▸ **Problem description**: Please set down only the lines below starting with the line with "搭載天舟八號貨運(yùn)飛" and going on through the line with "Sono attualmente in", verbatim and without pictures.

▸ **Data**:
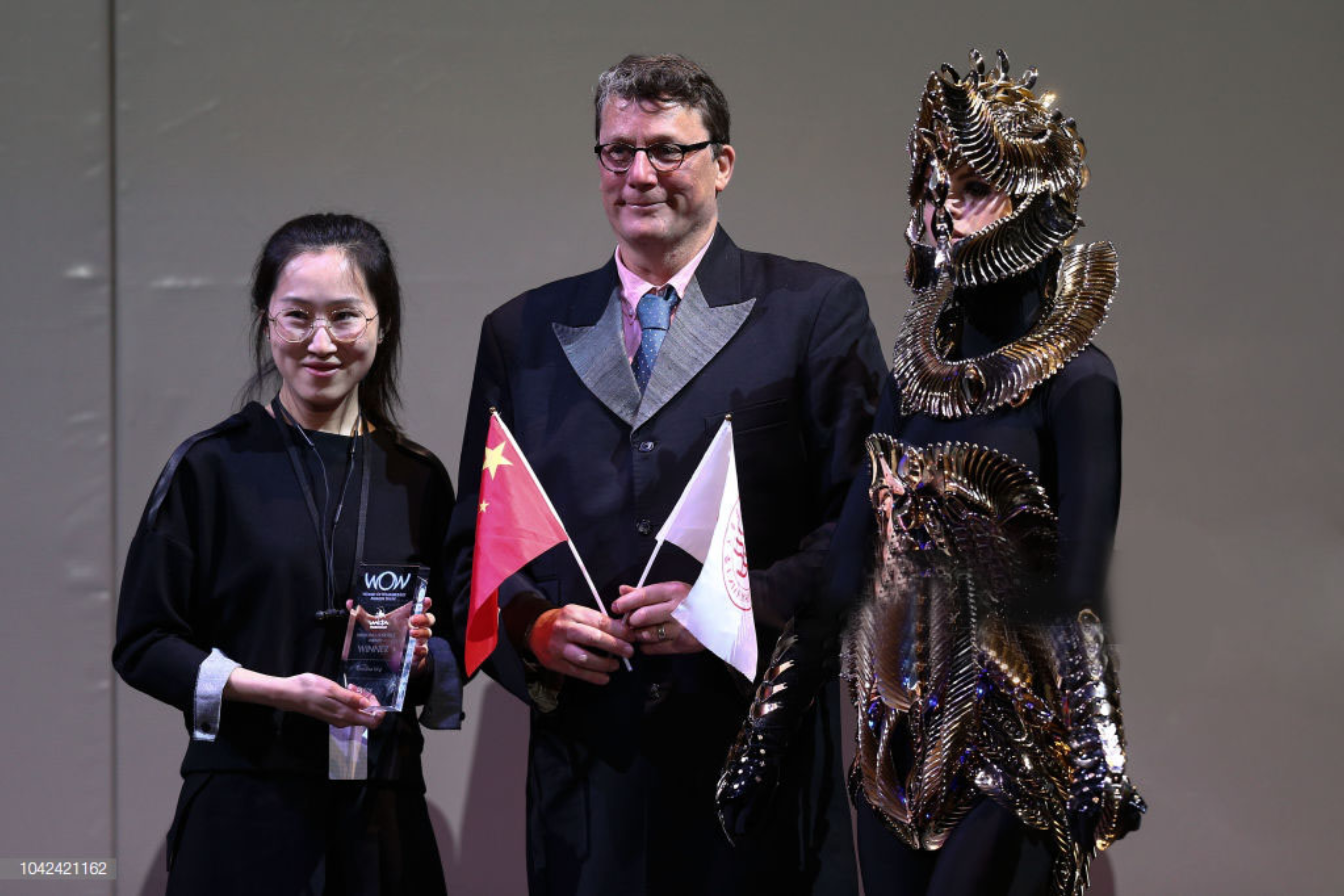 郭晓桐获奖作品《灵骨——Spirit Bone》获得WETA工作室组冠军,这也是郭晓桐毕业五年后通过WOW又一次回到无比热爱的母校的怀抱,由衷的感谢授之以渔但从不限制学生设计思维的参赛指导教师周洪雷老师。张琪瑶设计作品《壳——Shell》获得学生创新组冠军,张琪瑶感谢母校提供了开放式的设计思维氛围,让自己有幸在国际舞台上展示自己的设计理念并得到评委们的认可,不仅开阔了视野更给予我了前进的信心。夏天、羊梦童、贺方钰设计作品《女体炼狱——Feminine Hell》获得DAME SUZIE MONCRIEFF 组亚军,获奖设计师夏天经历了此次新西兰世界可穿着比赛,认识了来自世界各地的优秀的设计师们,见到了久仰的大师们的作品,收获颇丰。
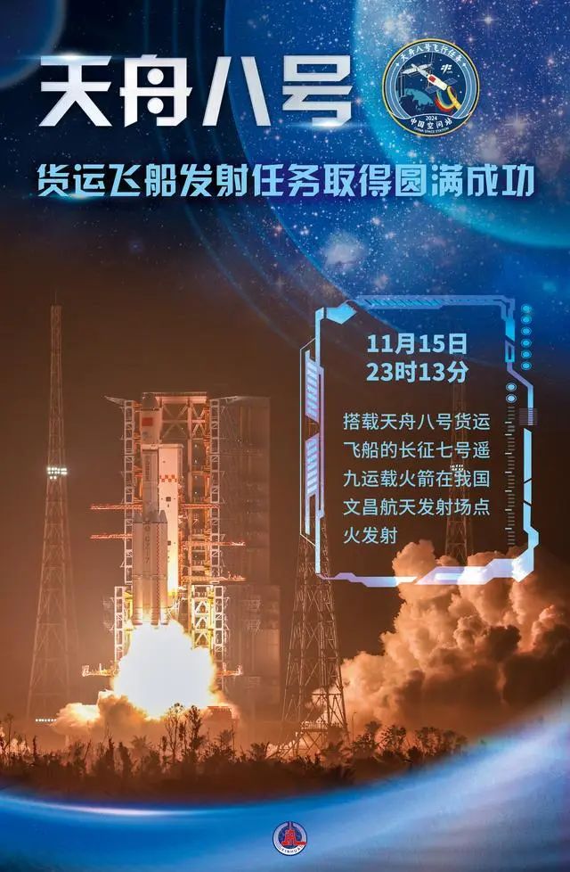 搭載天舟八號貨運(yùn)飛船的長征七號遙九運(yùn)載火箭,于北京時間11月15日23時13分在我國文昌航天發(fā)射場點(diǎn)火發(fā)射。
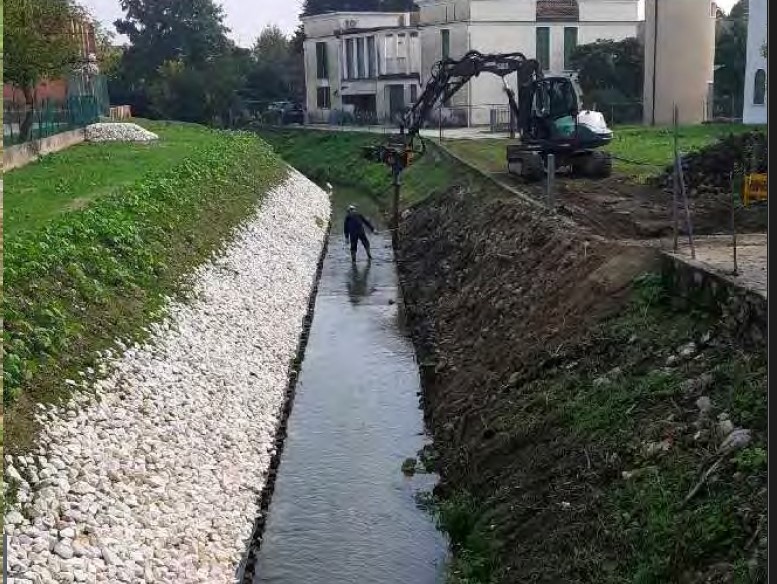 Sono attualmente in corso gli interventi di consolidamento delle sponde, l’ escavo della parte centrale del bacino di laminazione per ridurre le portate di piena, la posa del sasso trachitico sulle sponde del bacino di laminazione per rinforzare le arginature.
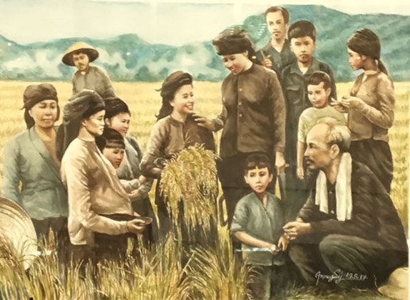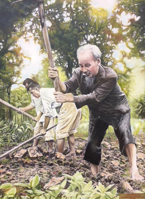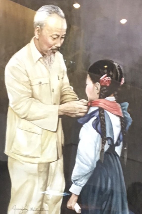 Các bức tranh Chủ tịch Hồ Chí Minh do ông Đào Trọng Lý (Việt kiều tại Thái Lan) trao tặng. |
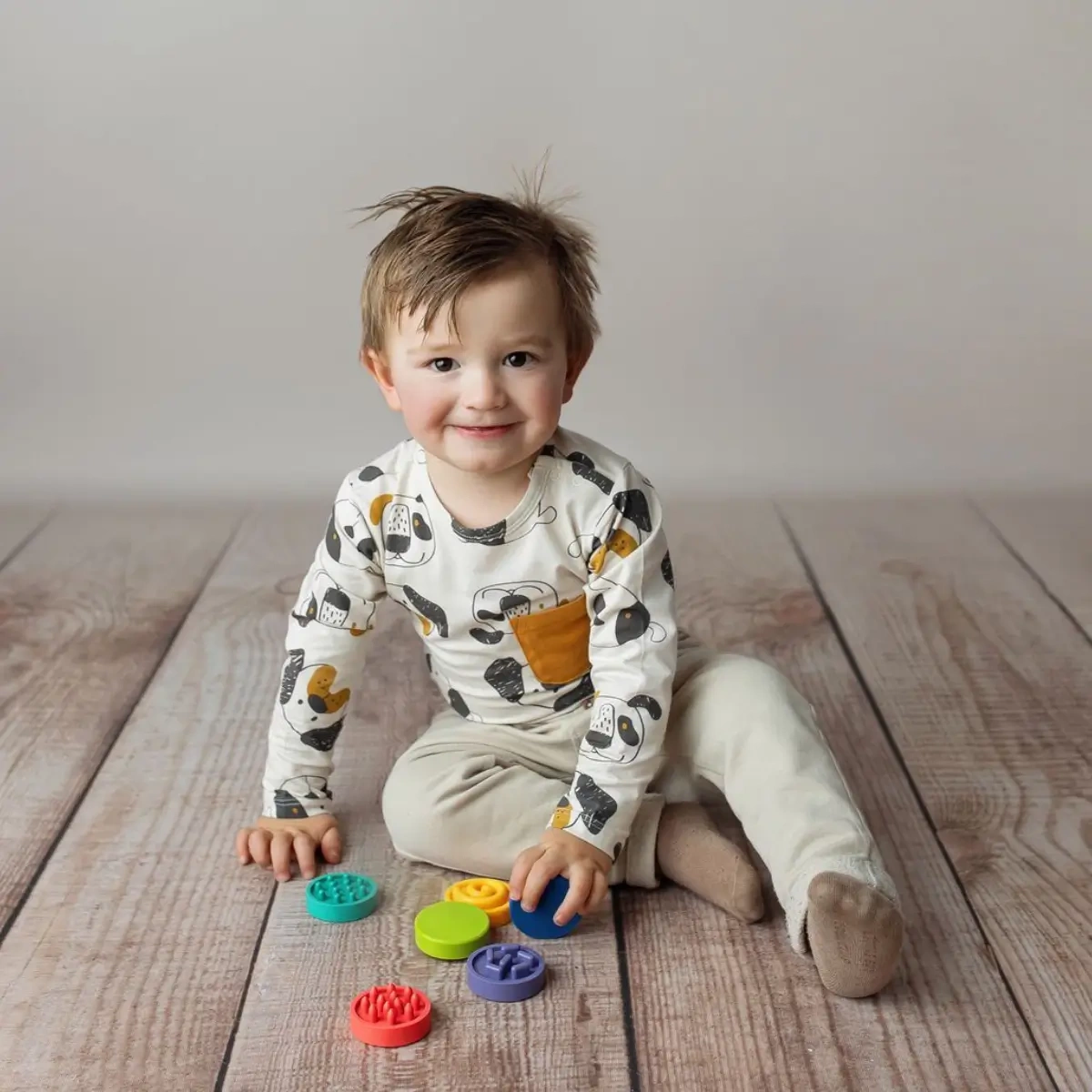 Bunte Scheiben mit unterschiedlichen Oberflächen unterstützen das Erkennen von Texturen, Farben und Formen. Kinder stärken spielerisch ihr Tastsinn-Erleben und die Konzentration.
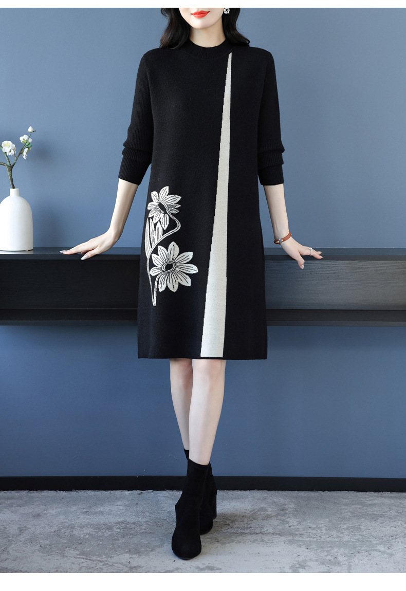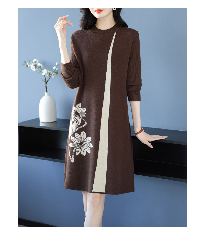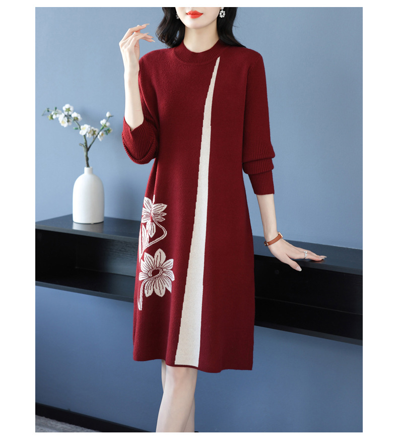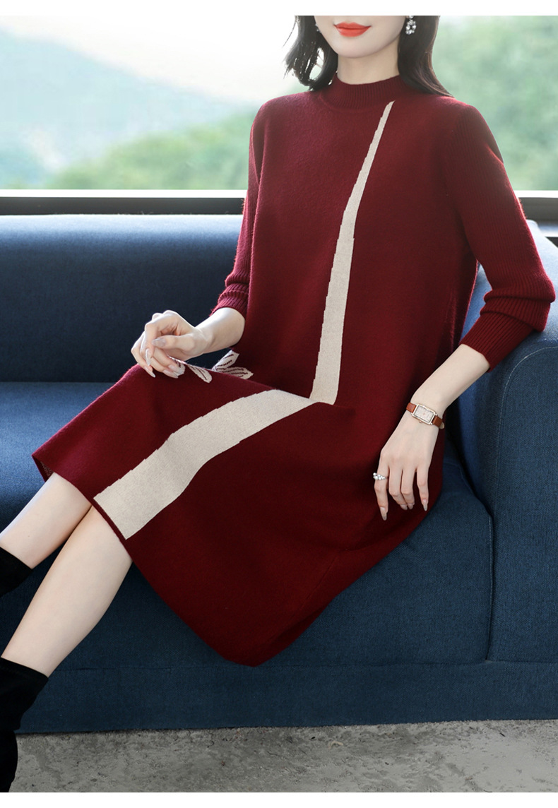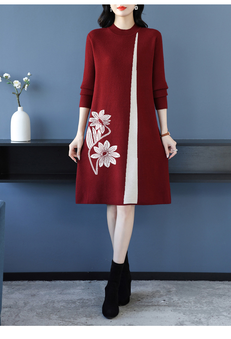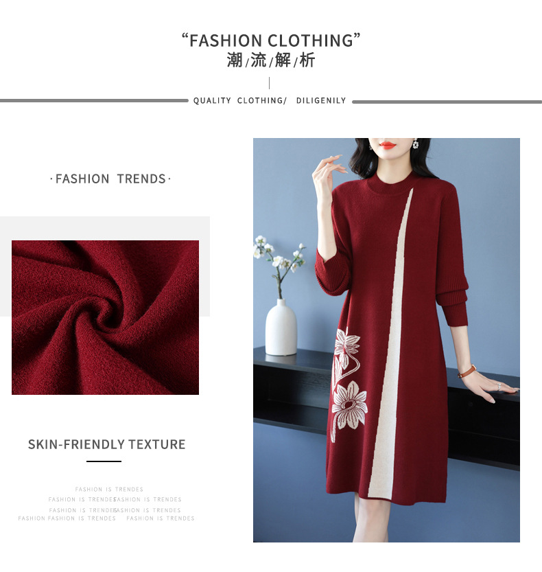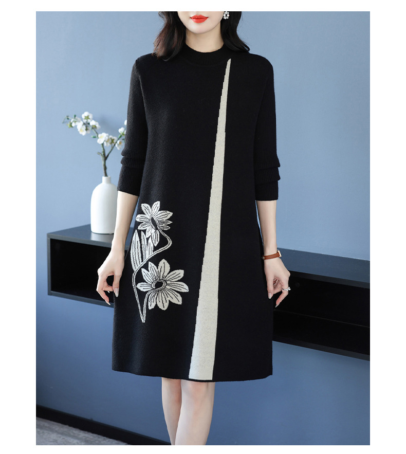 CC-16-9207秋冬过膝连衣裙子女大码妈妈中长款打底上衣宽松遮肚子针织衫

▸ **Task solution**:
 搭載天舟八號貨運(yùn)飛船的長征七號遙九運(yùn)載火箭,于北京時間11月15日23時13分在我國文昌航天發(fā)射場點(diǎn)火發(fā)射。
 Sono attualmente in corso gli interventi di consolidamento delle sponde, l’ escavo della parte centrale del bacino di laminazione per ridurre le portate di piena, la posa del sasso trachitico sulle sponde del bacino di laminazione per rinforzare le arginature.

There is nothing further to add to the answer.